### Brief
The data below holds the lines to copy: everything from the line containing "このサコッシュは、革とアウトドアロープを組み合わせたものです。" to the line containing "De BEZISA Leaves", both ends included, set down exactly.

### Materials provided

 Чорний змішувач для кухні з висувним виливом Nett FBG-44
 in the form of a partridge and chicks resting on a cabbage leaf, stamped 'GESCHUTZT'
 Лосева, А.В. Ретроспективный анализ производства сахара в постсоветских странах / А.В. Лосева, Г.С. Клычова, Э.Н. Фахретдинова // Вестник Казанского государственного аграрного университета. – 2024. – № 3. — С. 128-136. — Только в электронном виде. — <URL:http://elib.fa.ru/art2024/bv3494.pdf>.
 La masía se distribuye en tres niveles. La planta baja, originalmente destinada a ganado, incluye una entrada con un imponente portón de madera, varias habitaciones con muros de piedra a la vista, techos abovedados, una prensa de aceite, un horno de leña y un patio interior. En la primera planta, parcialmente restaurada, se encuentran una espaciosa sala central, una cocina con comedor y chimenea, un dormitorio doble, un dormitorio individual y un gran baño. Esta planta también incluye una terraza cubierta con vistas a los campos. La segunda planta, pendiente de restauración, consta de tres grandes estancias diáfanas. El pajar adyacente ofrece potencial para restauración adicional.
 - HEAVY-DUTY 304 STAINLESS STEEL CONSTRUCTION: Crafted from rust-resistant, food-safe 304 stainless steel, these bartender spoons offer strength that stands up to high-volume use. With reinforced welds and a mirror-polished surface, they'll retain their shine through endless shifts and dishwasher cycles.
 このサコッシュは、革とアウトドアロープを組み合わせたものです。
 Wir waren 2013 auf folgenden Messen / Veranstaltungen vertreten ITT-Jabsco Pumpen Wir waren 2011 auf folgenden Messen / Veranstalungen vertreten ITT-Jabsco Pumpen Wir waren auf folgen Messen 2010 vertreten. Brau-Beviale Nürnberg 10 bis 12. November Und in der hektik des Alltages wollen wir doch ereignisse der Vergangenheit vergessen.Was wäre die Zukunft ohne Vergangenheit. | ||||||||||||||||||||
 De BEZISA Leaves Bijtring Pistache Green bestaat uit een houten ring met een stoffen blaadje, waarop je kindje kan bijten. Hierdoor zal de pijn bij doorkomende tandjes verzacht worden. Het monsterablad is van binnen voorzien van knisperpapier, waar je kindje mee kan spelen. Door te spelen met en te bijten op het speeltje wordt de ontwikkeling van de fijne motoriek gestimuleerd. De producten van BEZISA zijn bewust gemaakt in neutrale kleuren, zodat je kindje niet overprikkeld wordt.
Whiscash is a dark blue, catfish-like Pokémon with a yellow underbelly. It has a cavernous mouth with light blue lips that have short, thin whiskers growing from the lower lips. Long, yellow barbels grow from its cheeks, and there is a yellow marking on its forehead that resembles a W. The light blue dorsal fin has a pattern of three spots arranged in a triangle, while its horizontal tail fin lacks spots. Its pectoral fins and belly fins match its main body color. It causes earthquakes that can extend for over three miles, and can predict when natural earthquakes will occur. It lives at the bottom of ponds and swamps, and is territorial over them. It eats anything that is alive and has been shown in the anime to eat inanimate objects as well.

### Answer to this problem
 このサコッシュは、革とアウトドアロープを組み合わせたものです。
 Wir waren 2013 auf folgenden Messen / Veranstaltungen vertreten ITT-Jabsco Pumpen Wir waren 2011 auf folgenden Messen / Veranstalungen vertreten ITT-Jabsco Pumpen Wir waren auf folgen Messen 2010 vertreten. Brau-Beviale Nürnberg 10 bis 12. November Und in der hektik des Alltages wollen wir doch ereignisse der Vergangenheit vergessen.Was wäre die Zukunft ohne Vergangenheit. | ||||||||||||||||||||
 De BEZISA Leaves Bijtring Pistache Green bestaat uit een houten ring met een stoffen blaadje, waarop je kindje kan bijten. Hierdoor zal de pijn bij doorkomende tandjes verzacht worden. Het monsterablad is van binnen voorzien van knisperpapier, waar je kindje mee kan spelen. Door te spelen met en te bijten op het speeltje wordt de ontwikkeling van de fijne motoriek gestimuleerd. De producten van BEZISA zijn bewust gemaakt in neutrale kleuren, zodat je kindje niet overprikkeld wordt.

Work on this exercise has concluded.